Born on September 30, 1928 in Romania to mother, Sarah Feig and father, Shlomo Wiesel, Elie is best known for surviving the Holocaust alongside his two older sisters while his mother, father, and younger sister did not.

Once the war was over, Elie moved to France where he eventually found work as a Journalist as well as teaching Hebrew. In 1955, he moved to New York as the Foreign Correspondent for an Israeli newspaper and in 1969, he married Marion Erster Rose and together, the couple have one son, Shlomo Elisha Wiesel who named after his father.

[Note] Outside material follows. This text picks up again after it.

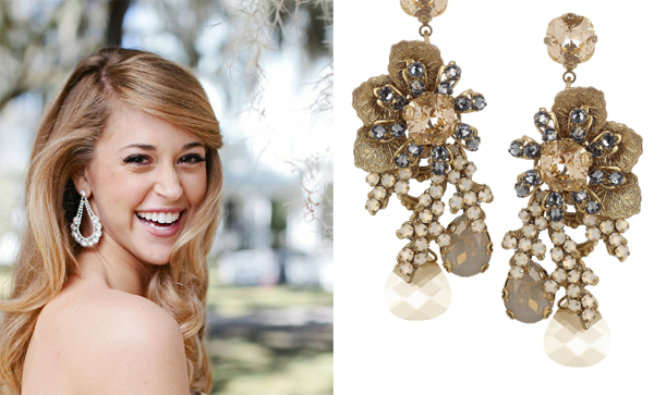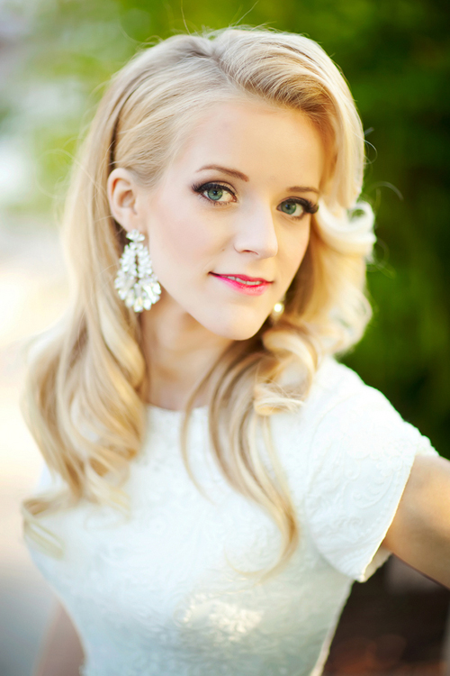 Khuyên tai to bản là phụ kiện tuyệt vời để thể hiện phong cách của cô dâu cùng kiểu tóc và bộ váy cưới.

To date, Nobel Peace Prize Winner (1968), Elie Wiesel has written around 57 books, including Night. He was also a professor of Humanities at Boston University. On the morning of July 2, 2016, Elie Wiesel died at the age of 87.

Picture from Amazon

SYNOPSIS

Firs published in English in 1960, Night chronologies Ellie Wiesel’s journey from Sighet in 1941, to Auschwitz and then finally Buchenwald between 1944 and 1945. In vivid and colorful detail, Elie tells his story of what it was like going from being a normal teenage boy to “living” in the poorest of conditions ever created by man and coming out the other side.

MY REVIEW

I first heard about Elie Wiesel while sitting in my living room, watching him walk around Auschwitz with Oprah (back when her show was still on the air) and I was just blown away by the sheer strength it must have taken him to not only talk about his experiences, but also walk around the grounds….I get chills just thinking about it.

Fast forward a few years later where I am browsing through books at my favorite used book store and what do I see? You got it! Night by Elie Wiesel. I was so enthralled with this book that I read it in one sitting. It was just that good.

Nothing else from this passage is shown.